It’s been a season of looking out for one another on the Ponies’ boys swim and dive team.

At meets, team members carry Thomas Watry’s crutches to him during sprint warm-ups. Thomas, a freshman, was born with multiple defects on his right leg.

“It’s really slippery when it’s wet and stuff,” Matt said, “so when he finishes, there’s always another teammate who walks down to the other end of the pool and hands him his crutches.”

When seventh-grader Thomas Putnam, who has a rare genetic disorder that causes seizures and developmental delays, cut seven seconds off his personal-best 100-yard backstroke at a recent meet, the Ponies went wild.

“Everybody was high-fiving him. They were all so excited for him,” said his mother, Rachelle Putnam of Stillwater.

“It was just really, really sweet, because you don’t know how high school boys are going to be, especially with a kid who’s a little bit different.”

IT’S ALL ABOUT THE TEAM

“It’s a great group of boys,” coach Brian Luke said. “They are really top-shelf. We always try to stress the team, but lately I’ve been a little more cognizant of that.”

Senior Jon Busse, 18, won the state title in the 100-yard backstroke when he was a freshman and took third last year. He will swim at Northern Michigan University in Marquette next year.

Jon said the swimmers encourage one another in — and out of — the pool.

“A lot of that is from the character-building that Mr. Luke talks to us about,” Jon said. “You’re not better than anybody next to you.
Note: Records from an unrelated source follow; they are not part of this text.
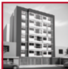
Edificio Punta Del Este PUEBLO LIBRE ABRIL 2016
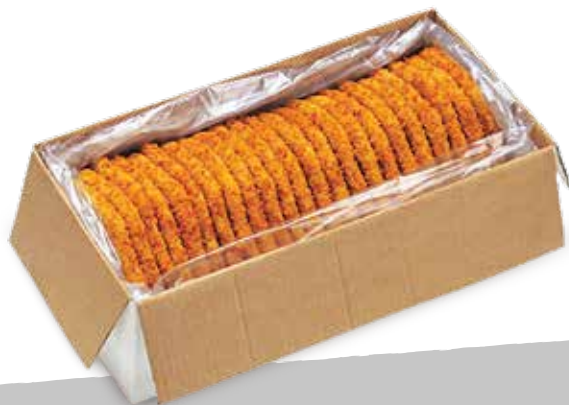
Filetti p imp kg3 sur S
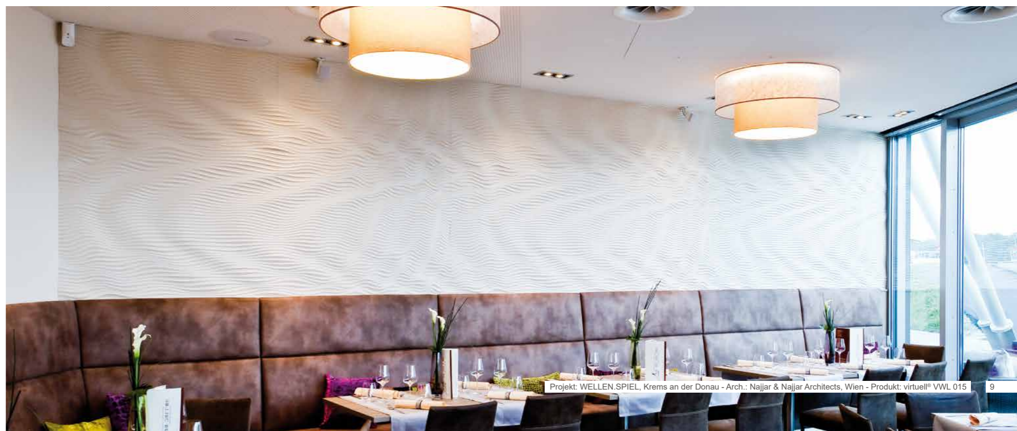
Projekt: WELLEN.SPIEL, Krems an der Donau - Arch.: Najjar & Najjar Architects, Wien - Produkt: virtuell® VWL 015

Ihre virtuellen Wünsche werden Realität.
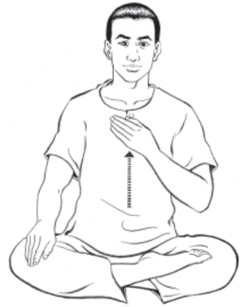
๑๒. เลื่อนมือซ้ายขึ้นที่หน้าอก... ให้มีความรู้สึก
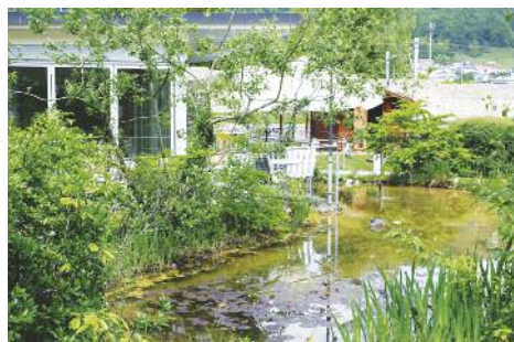
Naturaose: Auf der Rückseite des Gebäudes befindet sich ein malerischer Park mit Pavillon, Biotop und einem Ziegengehege.

mit dem öffentlichen Verkehr erschlossen und gleichwohl an ruhiger Lage, ist primär für jene Menschen da, die aus gesundheitlichen Gründen nicht mehr im eigenen Haushalt leben wollen oder können. Rund 140 Bewohnerinnen und Bewohner finden hier in Einzel- oder Doppelzimmern 24 Stunden am Tag genau jene individuelle Pflege und Betreuung, derer sie bedürfen. Das Fachpersonal und die Infrastruktur zeichnen sich speziell auch für die Betreuung Demenzbetroffener und Palliative Care Begleitung aus. Strategisch geleitet wird die Institution von einer engagierten Trägerschaft aus den neun Stiftergemeinden.
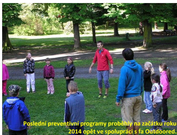
Poslední preventivní programy proběhly na začátku roku 2014 opět ve spolupráci s fa Outdoored.

Klíčovými z hlediska boje proti nežádoucím projevům v chování však byly také následné preventivní programy (první kolo proběhlo již v roce 2012/2013), které proběhly na začátku roku. Ve spolupráci s lektory společnosti Outdoored, s. r. o. jsme opět zajistili jednodenní program zaměřený na rozvíjení důvěry mezi muži a ženami, budování pozitivního sociálního klimatu ve třídě, na problematiku šikany a jejích forem včetně
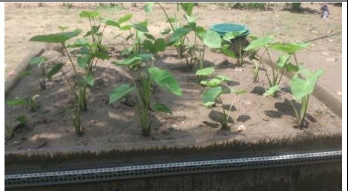
芋頭種植地下灌溉 30 天
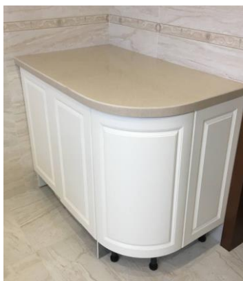
Фото 2 (изделие №2)
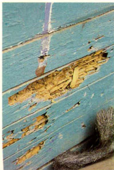
Daño producido por termitas subterráneas.
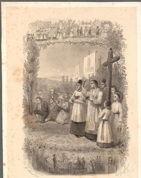
CÉNIE DU CHRISTIANISME

Les Hés chrétiens Fête Dieu, Belgique les Nos.
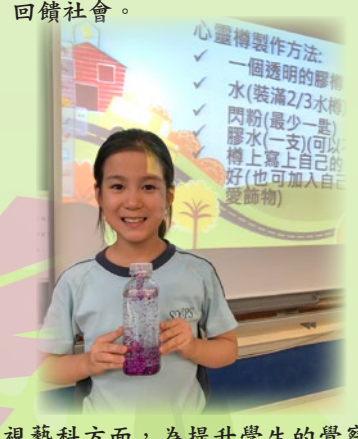
視藝科方面，為提升學生的覺察能力、加強專注力，指導學生製作獨一無二的「靜觀心靈瓶」。
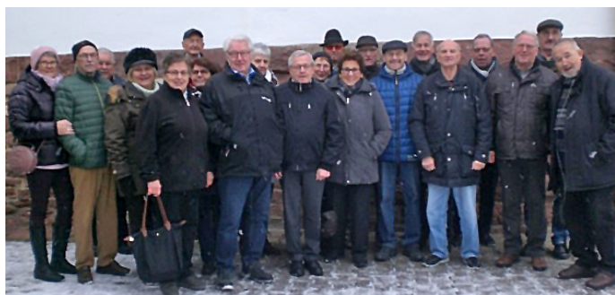
KWO-Rentner besuchten Museum
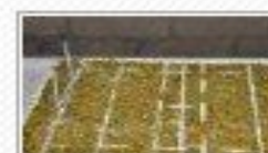
Appuntamento al 23 agosto
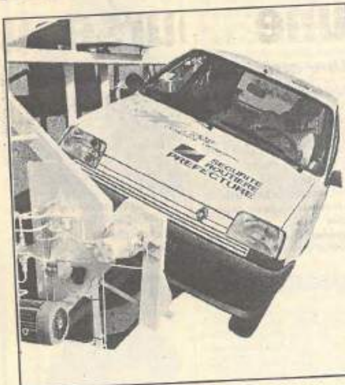
La voiture tonneau pour convaincre de l'intérêt de boucler sa ceinture.

En permanence, des inspecteurs départementaux de la Sécurité routière seront présents sur place pour répondre à toutes les questions. Un coin aménagé sur le stand assurera aussi la promotion de l'apprentissage anticipé de la conduite (à partir de 16 ans). Une formule qui entre dans les mœurs et dont les premiers bilans, au début de l'expérience, ont démontré que les jeunes conducteurs étaient ainsi 7 fois moins impliqués que les autres dans des accidents.
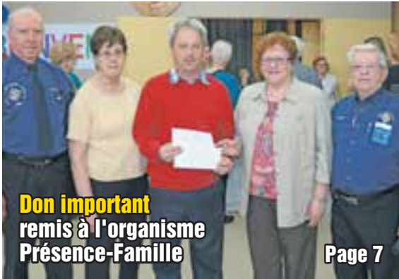
Don important remis à l'organisme Présence-Famille Page 7
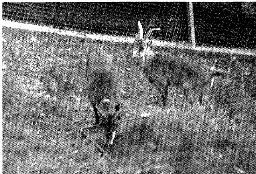
Bucardos sacian su sed en uno de los centros de cuatividad.

En el siglo XIX el bucardo constituía uno de los trofeos más escasos de Europa. Conocidos cazadores, principalmente de nacionalidad inglesa y francesa, acudían a los últimos reductos de la Maladeta, Ordesa y Monte Perdido para abatir alguno de los rarísimos ejemplares supervivientes. Estos se sumaban a la presión venatoria de la población local
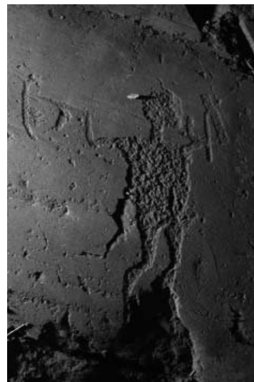
Fig. 4 – Grande armato che emerge da una frattura: a) fotografia. Campanine di Cimbergo, roccia 50 sett. E.
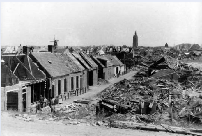
Westkapelle werd voor een groot deel verwoest

de geallieerden daarom dringend behoefte aan deze grote aanvoerhaven dichtbij het front én de heerschappij over de vaarroute naar deze strategisch belangrijke haven. Begin september 1944 vielen de geallieerden zegevierend Antwerpen binnen. Ze troffen de haven vrijwel intact aan, want Belgische verzetsstrijders hadden de haveninstallaties behoed voor vernieling door terugtrekkende Duitsers. Maar daarmee was de broodnodige aanvoerhaven nog niet zeker. Voor een veilige doorvaart over de Schelde moesten de geallieerden eerst nog de Schelderegio zuiveren van Duitse troepen en gevechtsinstallaties. En de vaarroute lag vol Duitse mijnen. Bovendien onderkende de Duitse generale staf dat een vrije doorgang naar Antwerpen van cruciale betekenis was. Daarom had de vijand zijn verdediging langs de Schelde-oever versterkt en het vergde dan ook zware strijd ten koste van grote

It’s a team, and it’s all about teamwork.”

“I like the brotherhood of it,” said 15-year-old Thomas Watry of Oak Park Heights. “Not one guy can do it. Another team may get a guy in first, but if you can get all the rest of the spots, that’s a lot better than just having that one guy in first. It’s working together.”

Swimmers are expected to be at every practice, and no swimmer gets special treatment.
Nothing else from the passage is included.